To understand the issue, let’s take a deeper dive into https. Https functions through the exchange of certificates. When you browse to https://www.amazon.com, that site presents your Web browser with a certificate which is signed by a known third-party root certificate authority (in Amazon’s case, this is currently DigiCert). If the certificate is seen as valid, then your Web browser will begin a secure session with the Amazon Web server; if it’s not, then you will receive a warning and be blocked from continuing to browse the site. There are many reasons why such a warning might be produced, such as the site having an expired certificate or, more troubling, someone else having hijacked the amazon.com domain and placed their own Web server in its place. (With Amazon, this scenario can be considered highly unlikely, but smaller sites are more vulnerable for reasons beyond the immediate scope of this article.) That sort of hijacking is called a “man-in-the-middle attack,” and it’s exactly the sort of thing that https is designed to prevent. It’s also exactly the sort of thing that Blokada would have to do in order to block ads which are locally served via https.

The obstacle is not insurmountable, but it is problematic. First, Blokada would need to present a certificate to all the applications on a given device which allows Blokada to impersonate every Web server the device tries to access via https. On corporate networks and within certain Internet service providers, a certificate is often deployed to client machines, which allows a corporate Web proxy or ISP content filter to inspect the https traffic (the use of this technique by ISPs is considered highly controversial because it invades the privacy of Internet subscribers). Having done that, Blokada would then be able to decrypt almost any encrypted Internet traffic leaving the device. Additionally, should a vulnerability in Blokada be discovered and exploited, an attacker would gain all the same access possessed by Blokada, i.e. the ability to read all of the device’s Internet traffic, including any secure transactions performed such as online banking or shopping.

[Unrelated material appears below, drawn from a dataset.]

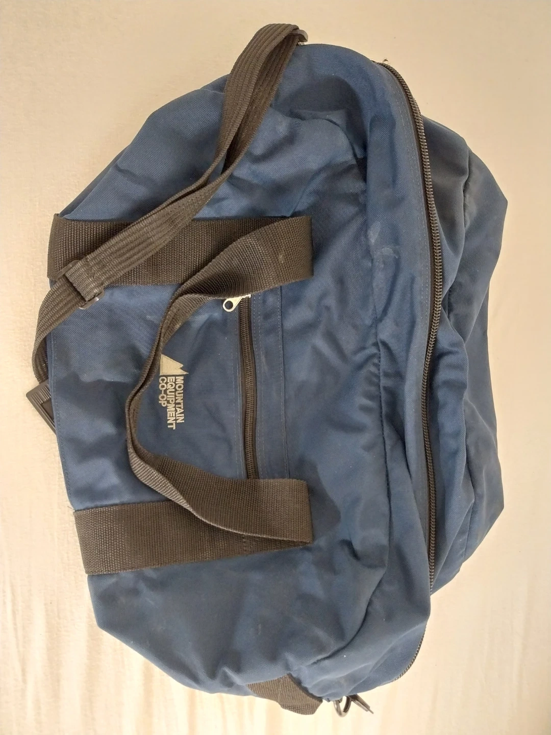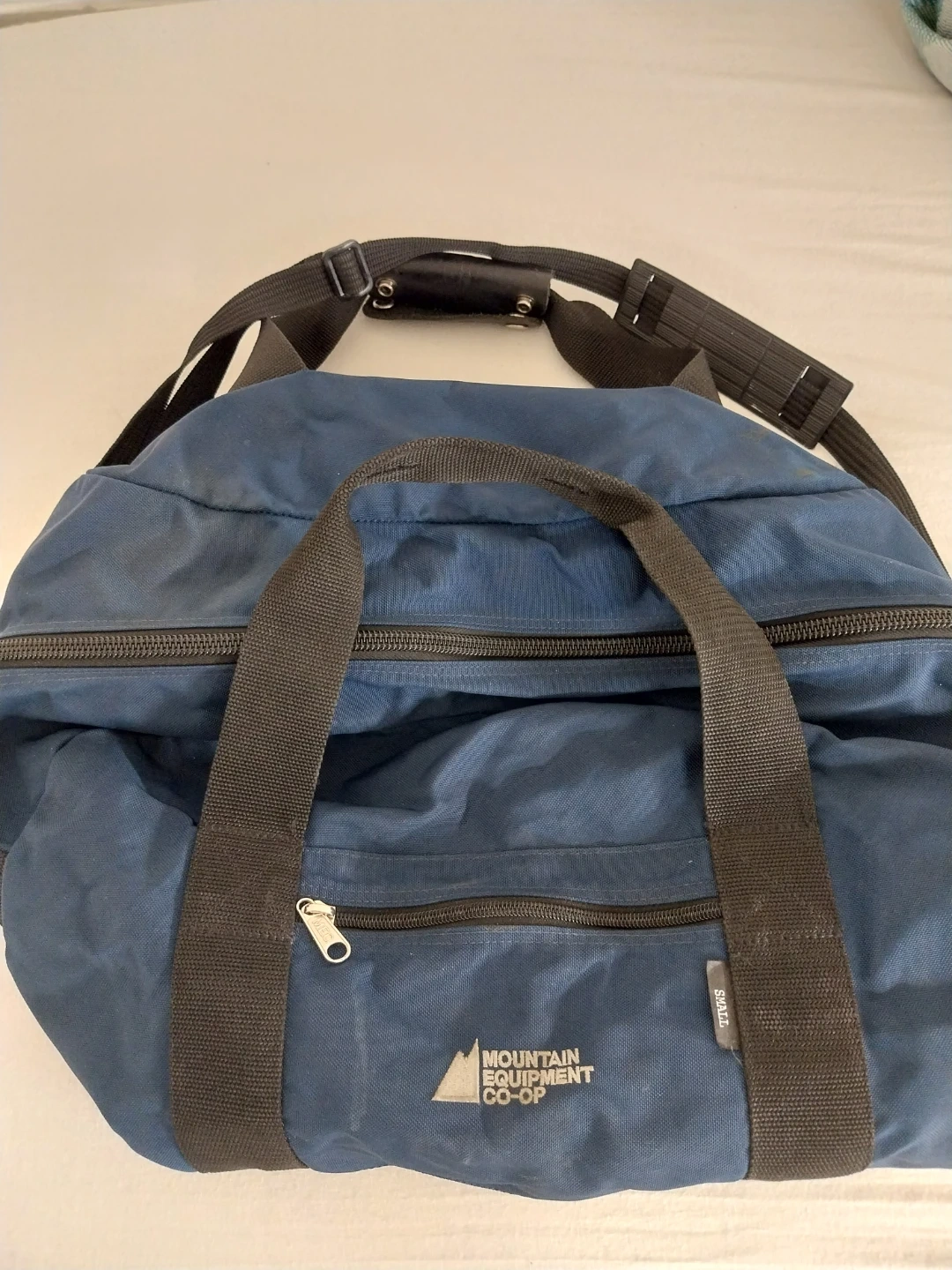 Blue Mountain Equipment Co-op duffel bag with multiple zipper compartments. Bag is made of durable fabric.

The Blokada certificate itself could also become a point of exploitation; if an attacker managed to overwrite or subvert the certificate, another application could pose as Blokada, gaining its same rights. Granting Blokada these rights therefore requires putting a tremendous amount of trust in the app, so the feature would need to be developed and activated with exceeding care.

In short, https filtering is one of those features which seems highly desirable but which has the potential of severely undermining the security of any device running it. The Blokada development team are investigating the feature and actively trying to understand how it can be implemented safely. In the meantime, we may all just have to live with those Sponsored posts.